Quem era aquele homem ali ao lado? Os dedos enrolados nos seus cachos permaneciam os mesmos, as costas largas e o braço tatuado também. Era o Sérgio, ué! - ficava se repetindo. O fisioterapeuta responsável e carinhoso com os pacientes, com apartamento próprio e família legal; o cara que gostava de fazer trilha, correr na Lagoa e tomar suco de clorofila no Leblon, que ela achava lindo, que a tratava bem. Ele estava lá, no cavalo, estendendo a mão. Era hora dela subir, bastava estender a mão e pular. Nunca mais veria os arbustos rolando com o vento, nunca mais a secura da terra. Adeus, índios!

Mas aí, o cavalo deu uma empinada, Sérgio rolou ribanceira abaixo e Nanda lembrou que o cavaleiro destemido era o mesmo com aquela mania de cutucá-la quando queria falar, de fiscalizar seus cigarros, que reclamava do expediente que terminava tarde, que não gostava que ela fosse à sinuca nem às festas que tocavam Madonna mas ao mesmo tempo mulherengo, ciumento ao cubo, com um ar arrogante de garoto-saúde.
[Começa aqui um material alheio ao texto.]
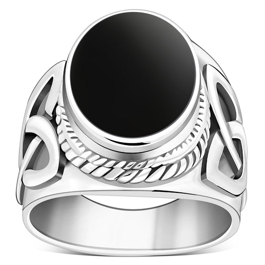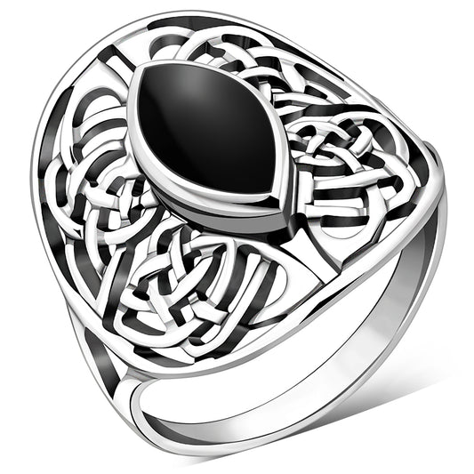 Large Black Onyx Celtic Silver Ring

Era todo igual ao que se lembrava e nada mais do que imaginava para si.

“E agora?” – ele perguntou acariciando suas costas. Ela não quis desviar o olhar para não entregar a dúvida.
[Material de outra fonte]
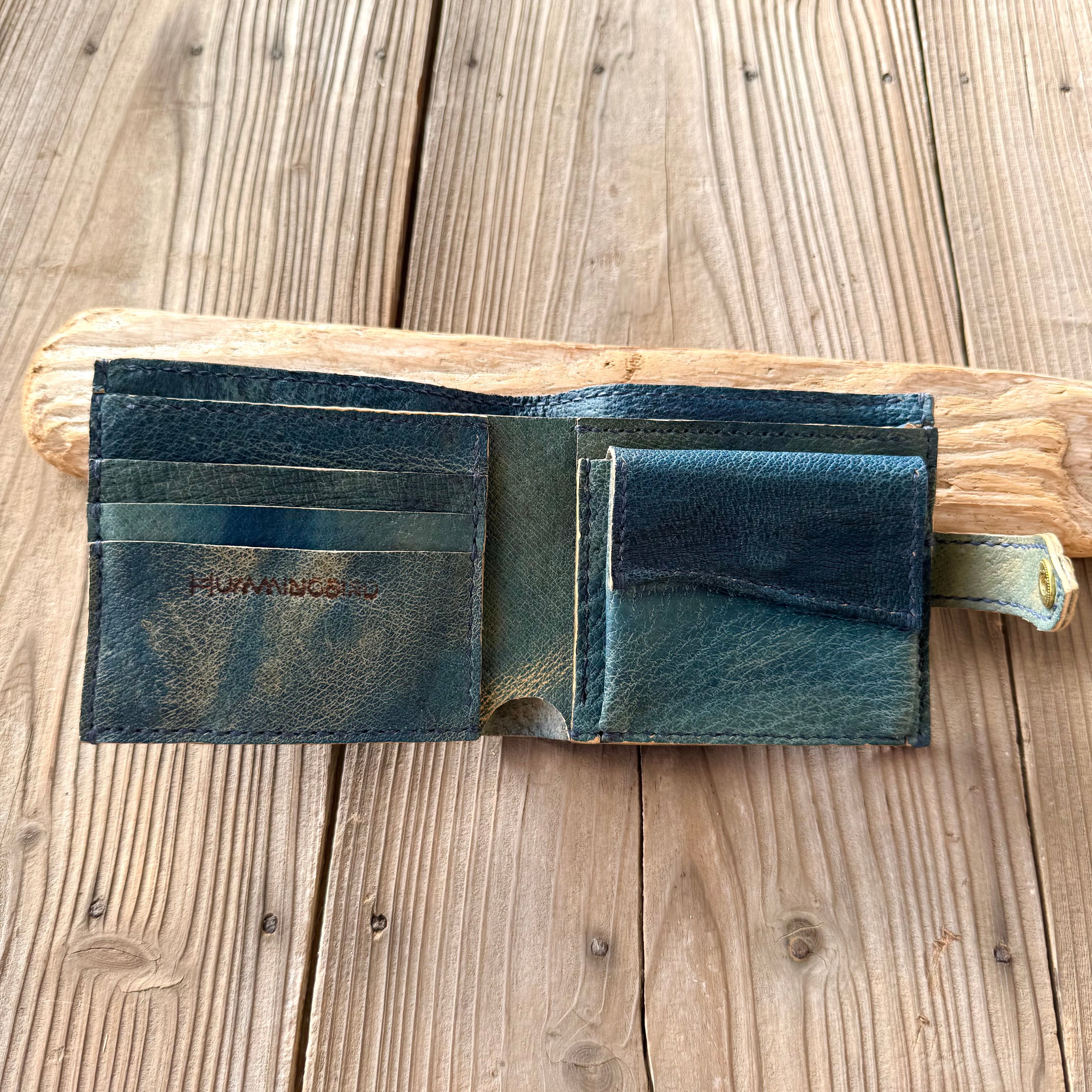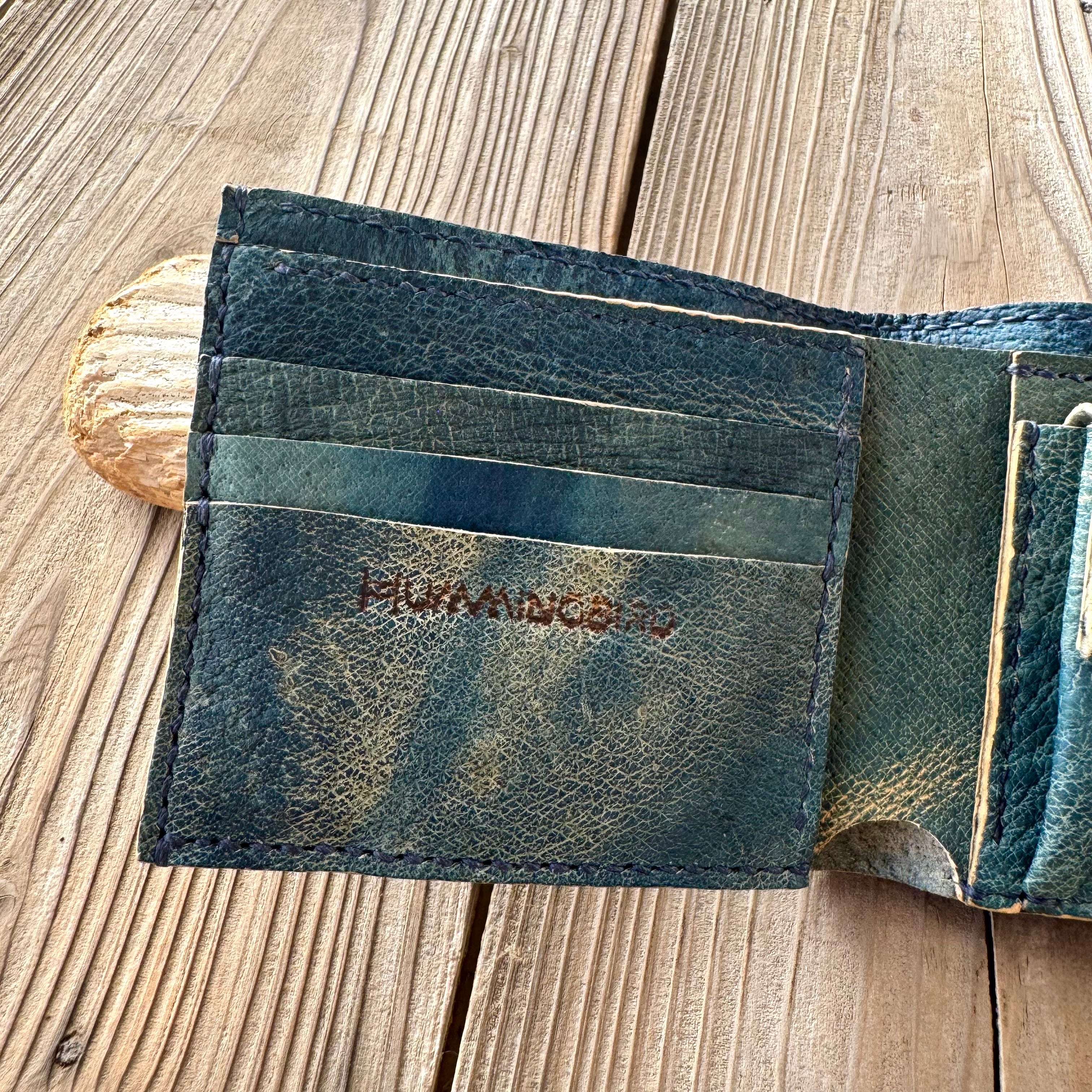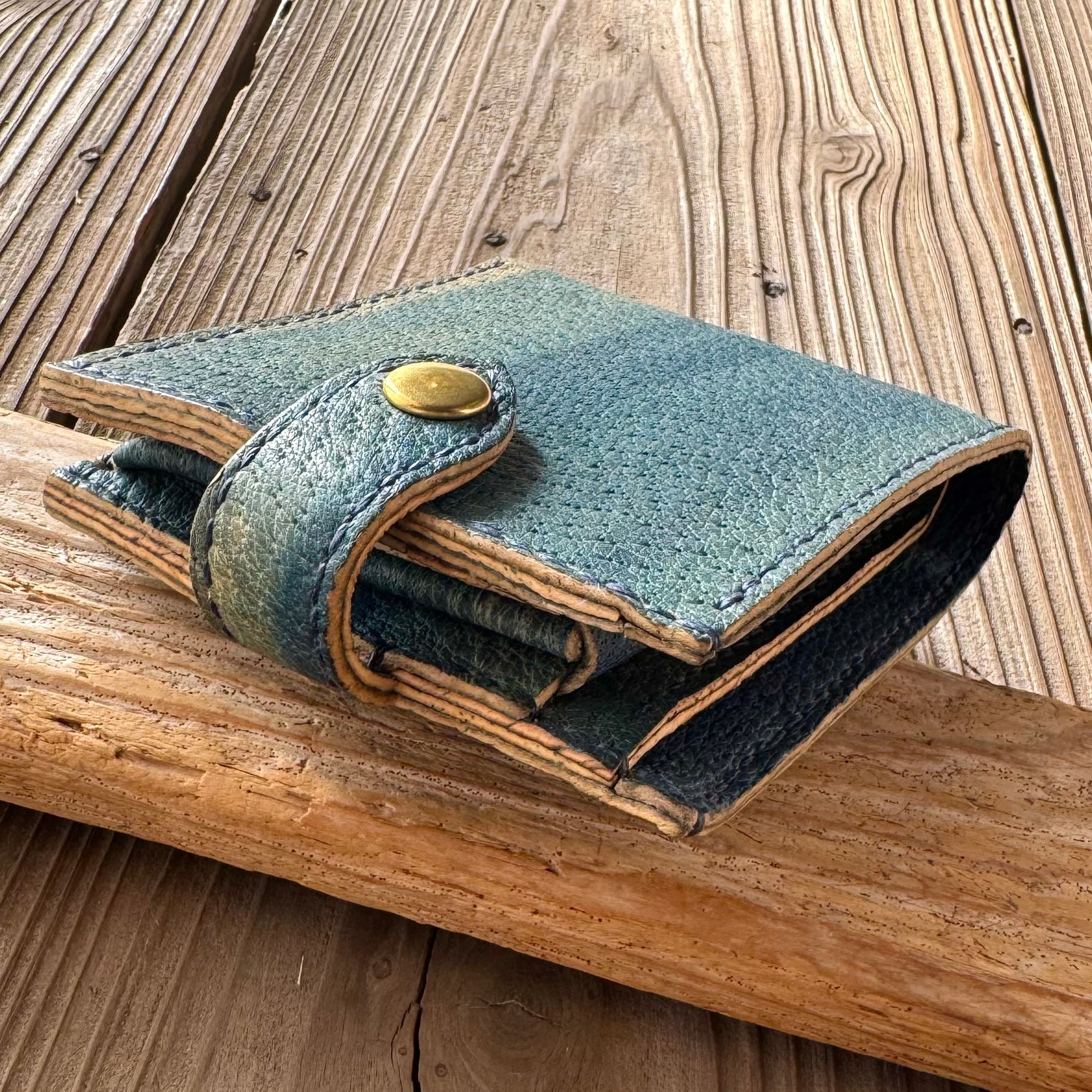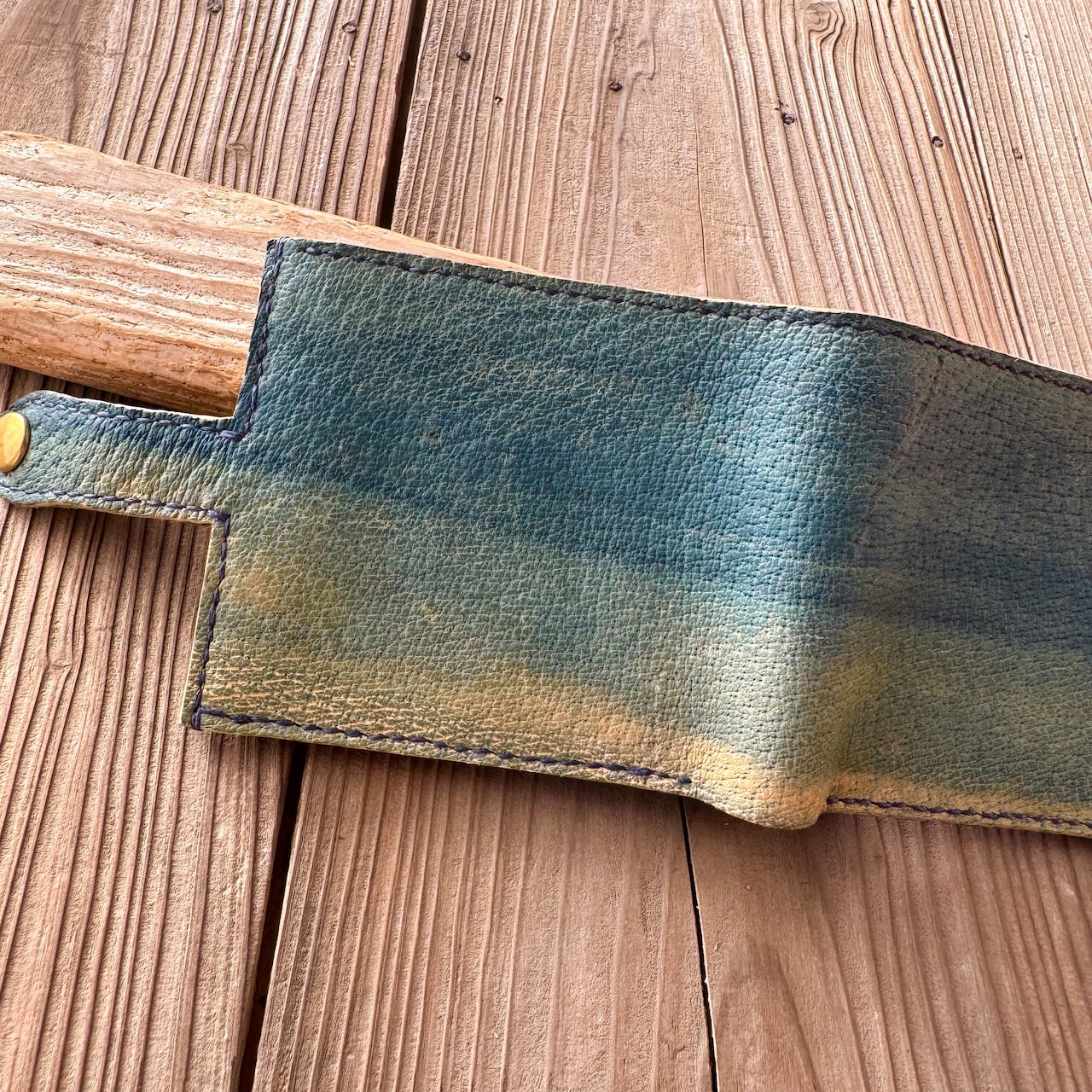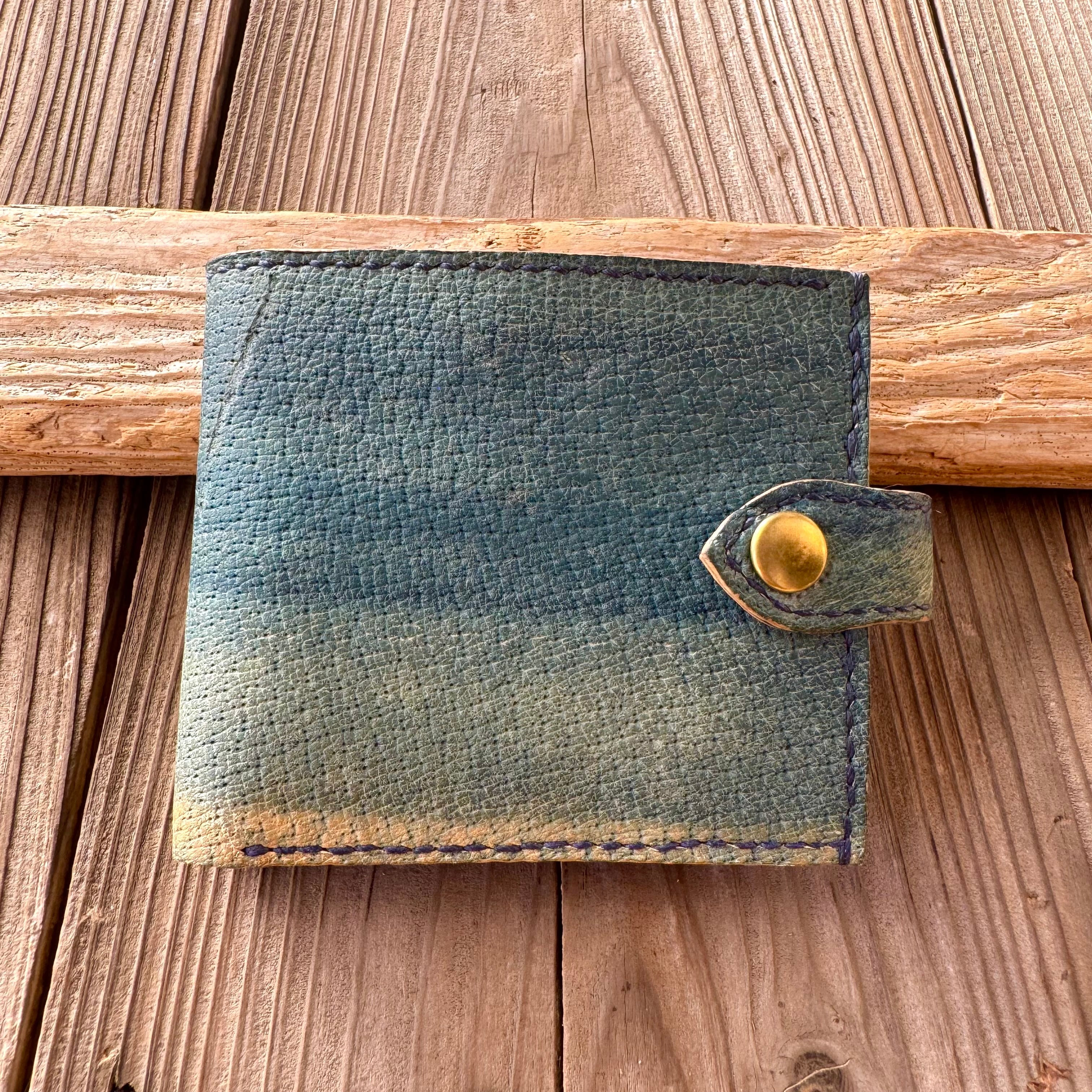 【藍手染め】クラシックな二つ折り(ジビエレザー・イノシシ革)

“Não sei... tudo meio repentino, né? Nem sei o que você quer direito. Era só me pedir desculpas ou...”

“Nossa reconciliação, ué! Você não entendeu quando eu falei?”

“Quando você falou da Carlinha?! Não, não ficou muito claro, não.”

“Eu quero voltar com você, Nanda. Eu era melhor quando estava com você.”

As palavras de Sérgio pareciam tão longe, tão fora da realidade e aquele girassol na cabeceira tão murchinho. Nanda desviou o olhar para o teto e falou séria:

“Sérgio, eu sou a mesinha da sala.”

“Hã?”

“Se eu te contar tudo o que eu sou agora, você não vai saber se gosta de mim ou não.”

Era verdade. Depois de oito meses, ela era uma espiral, crescendo e girando. Mudara de emprego e agora vivia sem dinheiro, andara em uns cantos muito finos e em umas sinucas chinelonas, conhecera gente nova, ouvia outras músicas, passou a correr na Lagoa, aprendeu duas coisas na cozinha, esqueceu de casar, de como se vive a dois. Nanda não fugia mais dos índios.

“Claro que não, Nanda! Eu tenho certeza que ainda gosto de você, eu não tinha noção do quanto era feliz!”

“Me dá o telefone aqui, Sérgio.”

“Pra quê?”

“Preciso pintar o apartamento.”

O que havia mudado na casa de Nanda era, principalmente, Nanda.